Sure. I'll also send a website to all of you that will be helpful, because there's a handy diagram.
British Columbia introduced the meat inspection regulation in 2004. At that time the only option was to upgrade or build a class A or B facility. It involved an actual abattoir-type building. Class A does slaughter and further processing. Class B does slaughter only. They both come from an abattoir facility, but the end product of B is a bird in a bag, or a carcass, where in A you get further cutting, wrapping, processing, and other such things, in one facility.
In the period from 2004 to 2010, it became evident that there were producers, especially in remote parts of British Columbia, such as Haida Gwaii, that had no options. They didn't have the volume of animals or the money, because it costs easily hundreds of thousands, if not a million dollars to put together a red meat facility. They didn't have the resources to build an abattoir and that problem wasn't going away.
In 2010, after doing a consultation in three remote sites, the province introduced two new categories of farm gate licence. For those, you don't have to build a facility.

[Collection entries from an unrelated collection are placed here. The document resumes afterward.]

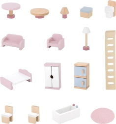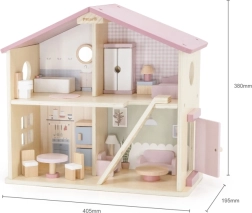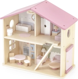 Căsuța elegantă din lemn pentru păpuși de la Viga PolarB îi va încânta pe copii de la 3 ani. Oferă 2 etaje separate printr-o scară, este complet mobilată și realizată din lemn de calitate, în culori pastelate delicate. Ideală pentru păpuși de până la 10 cm și pentru dezvoltarea imaginației și a abilităților sociale.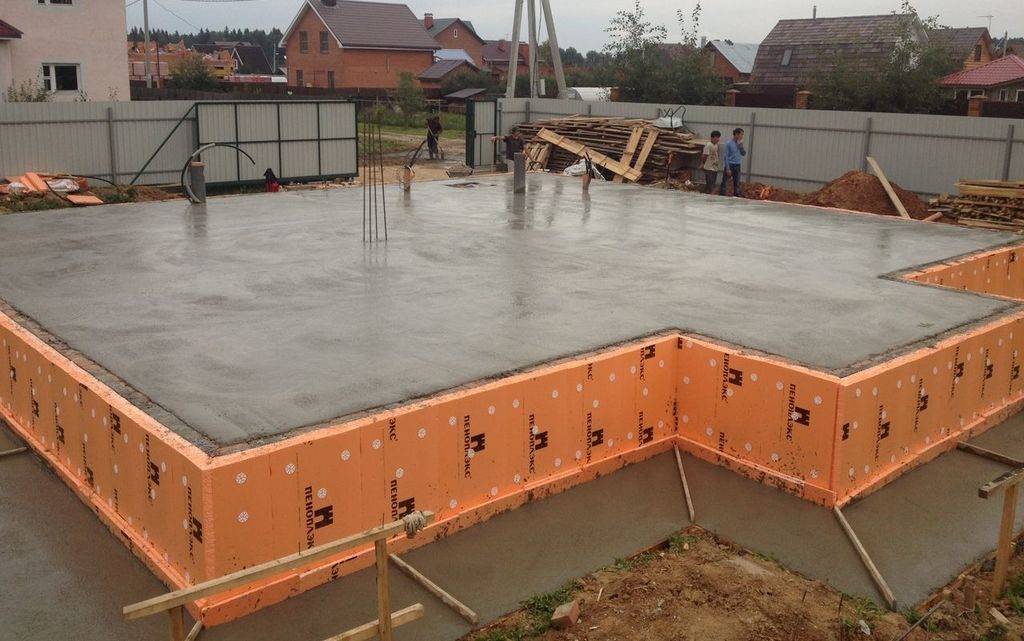 По мнению большинства профессионалов и пользователей, это самый надежный вид основания. Фундамент из железобетонных плит успешно справляется с задачей обеспечения равномерного распределения нагрузки с двух сторон.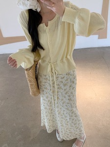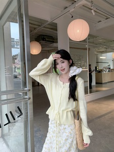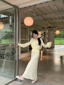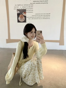 2025新款甜美风套装镂空长袖针织衫女秋季法式碎花半身长裙两件套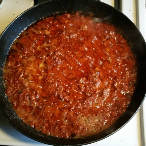 Meat sauce for the rigatoni tonight. (at K T Pinto-Land)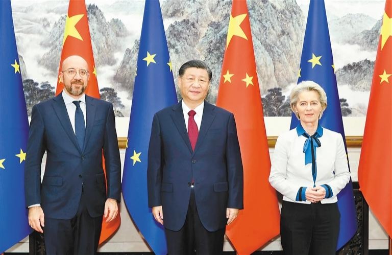 习近平强调,中国式现代化和欧洲一体化是中欧各自着眼未来作出的战略选择,中欧应该相互尊重,相互支持,加强发展战略对接,实现共同发展。共建“一带一路”倡议是开放平台,为世界上150多个国家和人民带来了实实在在的好处。赠人玫瑰,手有余香。中方愿继续推进高质量共建“一带一路”,包括同欧盟“全球门户”计划对接,一道帮助发展中国家加快发展。双方要在联合国、二十国集团等多边框架内加强沟通和协调,坚持多边主义,反对阵营对抗,推动政治解决国际和地区热点问题,就人工智能等事关人类未来的重大问题开展对话和合作,为增进全人类福祉、应对全球性挑战作出贡献。
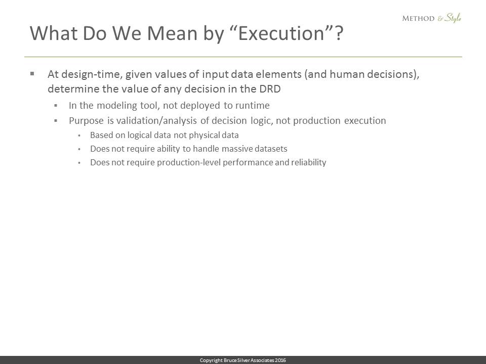 I have been using the term executable, but that doesn’t mean a modeling tool must include a production DMN runtime engine. What I mean is that at design time, given values for all the input data, the tool can display the resulting output for any node in the DRD. Modelers need that for verifying the decision logic they are defining. So we’re talking about test data, logical data, not physical data extracted in mass quantities from real production systems and databases. If you need to handle large datasets in production, or execute the decision logic very fast, you still may want to map the DMN model to the rule language of a commercial business rule engine.

You do have to take a training program. The training program teaches you how to develop a food safety plan. The program is taught and the food safety plan is monitored by an environmental health officer from the health authorities. That's distinct from the A and B classes, which are monitored and operated by the B.C. Centre for Disease Control.
For an extra layer of complication, the inspectors used in the A and B facilities are CFIA personnel on contract to the province. The A and B facilities have one system, and the D and E farm gate licences have another. The distinction between the D and the E is that for the E you're limited to 10 animal units a year. An animal unit is 1,000 pounds of live weight. You can translate that into a lot of chickens, a few lambs, and one steer. That's an E licence. A D licence allows you to slaughter and sell other people's animals at the farm gate, as well as your own, up to 25 animal units. You may sell them to local retail and restaurants, but only within your regional district. The Ds and Es are largely restricted to regional districts that do not have an A or B. There are some exceptions, but I think that's enough detail. That change was made in 2010.